HOSPITAL chiefs battling bed-blocking and a rising demand for services made some headway during a week of focused activity.

Called a "perfect week", it involved trialling a number of initiatives to improve patient flow and discharge patients more quickly.

Daily ward rounds with executive directors and local GPs took place to review long stay patients while high priority meetings were held and calls made to other care providers in the community to move patients out of the hospital.

Speaking at last week's Salisbury NHS Foundation Trust board meeting, chief operating officer Andy Hyett said: "We entered the perfect week with 56 delayed transfers of care (DToC) patients and we have 404 beds so that's two wards worth.
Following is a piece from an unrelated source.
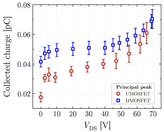 The alpha particles were provided by a 241Am radioactive source, with a measured activity of over a solid angle. The decapsulated DUTs were mounted under vacuum for frontal irradiation at room temperature, configured in the non-negative gate off-state ( and ). Charge collection spectroscopy of SEEs induced by alpha particles was performed by using the acquisition system of the SAFIIRA facility [], Brazil, which utilizes Nuclear Instrumentation Module (NIM) electronics. The system was calibrated with a high-precision charge signal generator (Ortec 419 Precision Pulse Generator). The charge collection spectra of the DUTs were recorded as a function of . Since the UMOSFET and DMOSFET devices studied have similar breakdown voltages, this approach allows for a direct comparison of the main charge collection mechanisms between these FET technologies.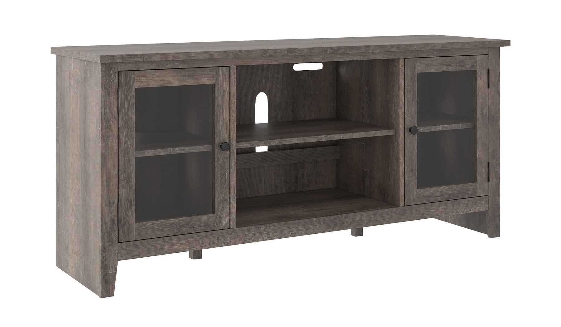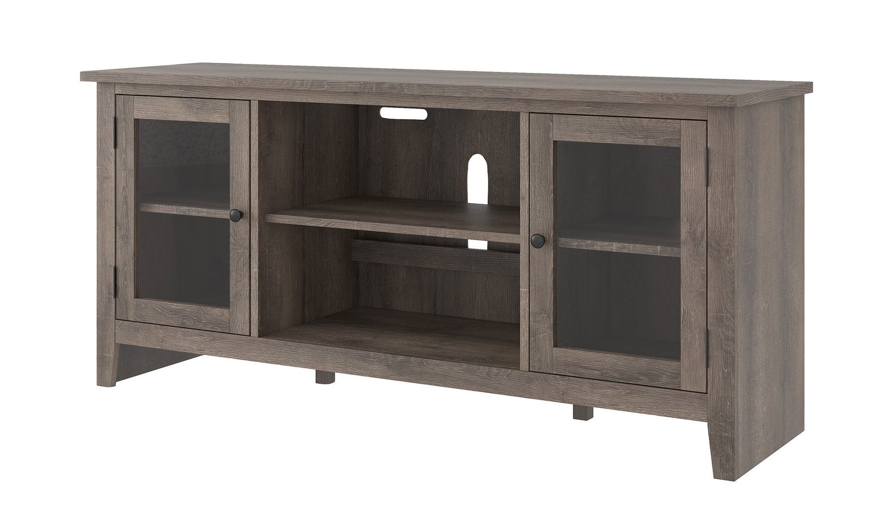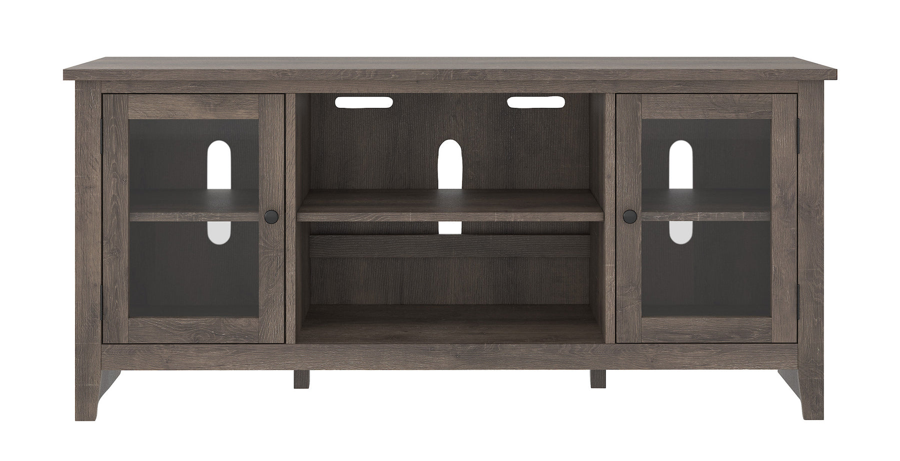 | Details | Includes TV stand and electric fireplace insert (W100-02), Made of decorative laminate and engineered wood, Replicated weathered oak; gray finish, Pair of glass inset doors, Adjustable center shelf; 2 side shelves and cutouts for wire management, Fireplace provides up to 4608 BTU/1400W, warms up to 400 square feet (heats a mid-size room) and includes:, 6-level temperature setting; 5 levels of flame brightness, LED-lit flame operating with or without heat, Option of faux glass crystals or stones , Overheating control device, Remote control with LED display, UL Listed; power cord included, Assembly required | |

That's the constraint, and a real challenge for us.

"While we saw a slight drop in the the number of bed days lost to DToCs in November and December, last week patients whose transfer of care is delayed added up to just shy of 900 bed days."

The project aimed to increase the number of DToC patients discharged from the hospital to eight every day, decrease the time that a patient with a delayed transfer of care had to wait and decrease the number of 'green to go' patients from 105 to 70.

Mr Hyett said: "We hit the target for the number of DToC patients being discharged as the week progressed and we saw some major impact on trying to move patients through - the question will be sustainability.

"The conclusion it brought us to is we need more capacity outside of the hospital to be able to move patients through."

He added: "We took the opportunity to take a lot of people out of their activities to do some increased focus. Our team will now meet and review actions we took internally to see which bits will continue.

"The week was a step change and the teams responded extremely enthusiastically.

"The whole trust was phenomenally engaged with new ideas and new initiatives. We literally had things we tried on Monday and Tuesday that were stopped by Wednesday and new ideas going forward.

"We had a tremendously busy week last week with medical admissions and I think as a result of some of the [perfect week] actions we were able to get out of one of our escalation areas in endoscopy and stay out over the weekend."

* The hospital was unable to meet the target of decreasing the number of 'green to go' patients, adding it was difficult to give a figure because other patients became 'green to go' throughout the time period.

  • Patients categorised as ‘green to go’ no longer require the specialist services provided within a hospital but may need ongoing treatment at home such as regular visits from district nurses to change wound dressings and catheters. They may also be patients who have been at the hospital for a short while and can go home midweek but are unable to as their family cannot look after them until the weekend.
     
  • Many patients have been waiting for a long time to leave, prevented from doing so because of the shortage of home carers or beds in residential and nursing homes, community hospitals and hospices. These patients require general care, such as help getting up in the morning and going to the toilet, and in the absence of care outside the hospital, they stay in hospital, being known within the NHS as ‘delayed transfers of care’.